Should I have separate container instances for the db and the apache server? Or would it be sufficient to have a single container for above use case?
If using separate containers for database and server, how could I automate spinning them up and down at the same time?
How would I actually mount /dev/cmsdir/ into the containers /var/www/-directory? Should I utilize data-volumes for this?
Did I miss any pitfalls? Anything that could be simplified?
If you need database persistance indepent of your CMS container, you can use one container for MySQL and one container for your CMS. In such case, you can have your MySQL container still running and your can redeploy your CMS as often as you want independently.
For development - the another option is to map mysql data directories from your host/development machine using data volumes. This way you can manage data files for mysql (in docker) using git (on host) and "reload" initial state anytime you want (before starting mysql container).
Yes, I think you should have a separate container for db.
I am using just basic script:
#!/bin/bash
$JOB1 = (docker run ... /usr/sbin/mysqld)
$JOB2 = (docker run ... /usr/sbin/apache2)
echo MySql=$JOB1, Apache=$JOB2
Yes, you can use data-volumes -v switch. I would use this for development. You can use read-only mounting, so no changes will be made to this directory if you want (your app should store data somewhere else anyway).
docker run -v=/home/user/dev/cmsdir:/var/www/cmsdir:ro image /usr/sbin/apache2
Anyway, for final deployment, I would build and image using dockerfile with ADD /home/user/dev/cmsdir /var/www/cmsdir
I don't know :-)
You want to use docker-compose. Follow the tutorial here. Very simple. Seems to tick all your boxes.
https://docs.docker.com/compose/
I understand this post is over a year old at this time, but I have recently asked myself very similar questions and have several great answers to your questions.
You can setup a MySQL docker instance and have data persist on a stateless data container, aka the data container does not need to be actively running
Yes I would recommend having a separate instance for your web server and database. This is the power of Docker.
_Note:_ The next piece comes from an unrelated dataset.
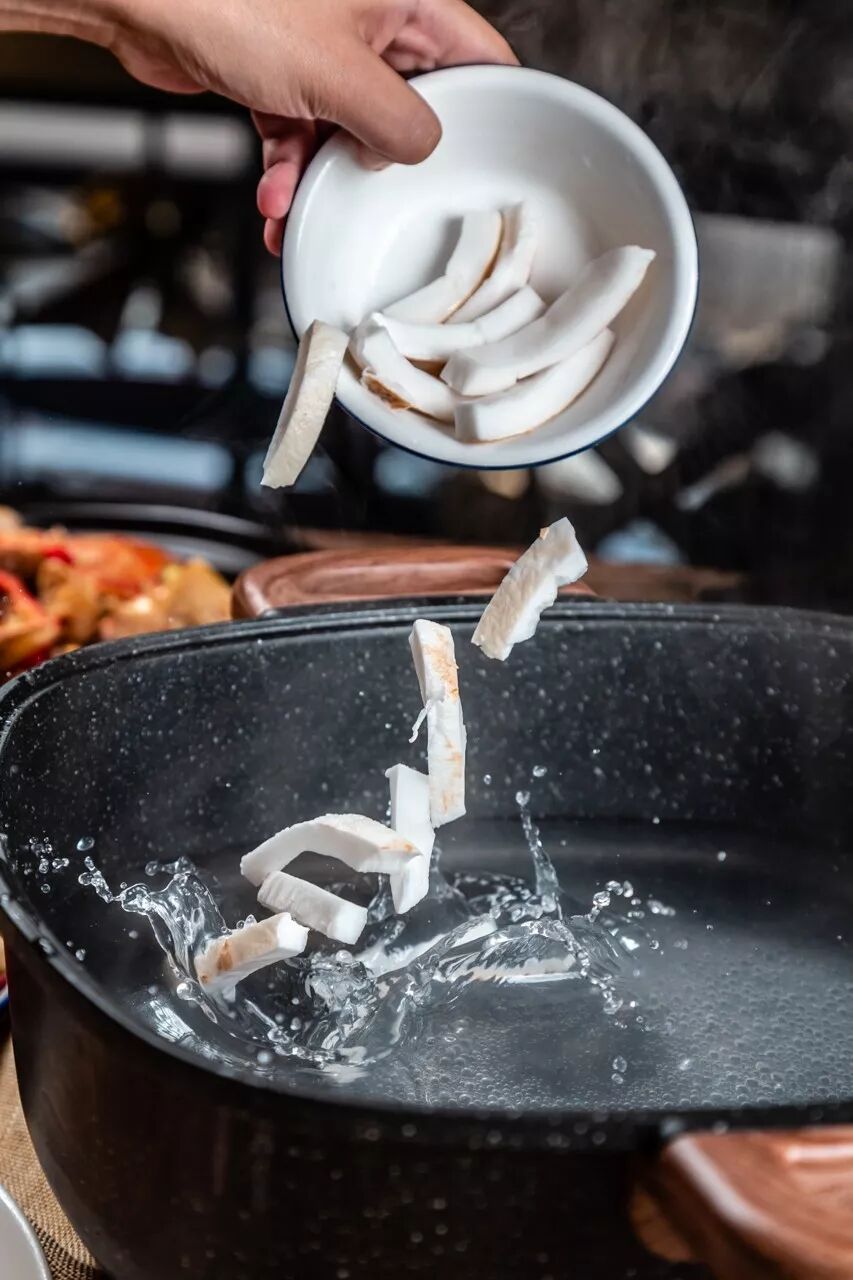 椰子鸡煲最突出的味道自然就是它独特的椰香味了,鸡肉在里面翻滚一番都能沾染上这张迷人的香气。

Check out this repo I have been building. Basically it is as simple as make build & make run and you can have a web server and database container running locally.
You use the -v argument when running the container for the first time, this will link a specific folder on the container to the host running the container.
I think your ideas are great and it is currently possible to achieve all that you are asking.
Here is a turn key solution achieving all of the needs you have listed.
I've put together an easy to use docker compose setup that should match your development workflow requirements.
https://github.com/ehyland/docker-silverstripe-dev
Main Features
Persistent DB
Your choice of HHVM + NGINX or Apache2 + PHP5
Debug and set breakpoints with xDebug
The README.md should be clear enough to get you started.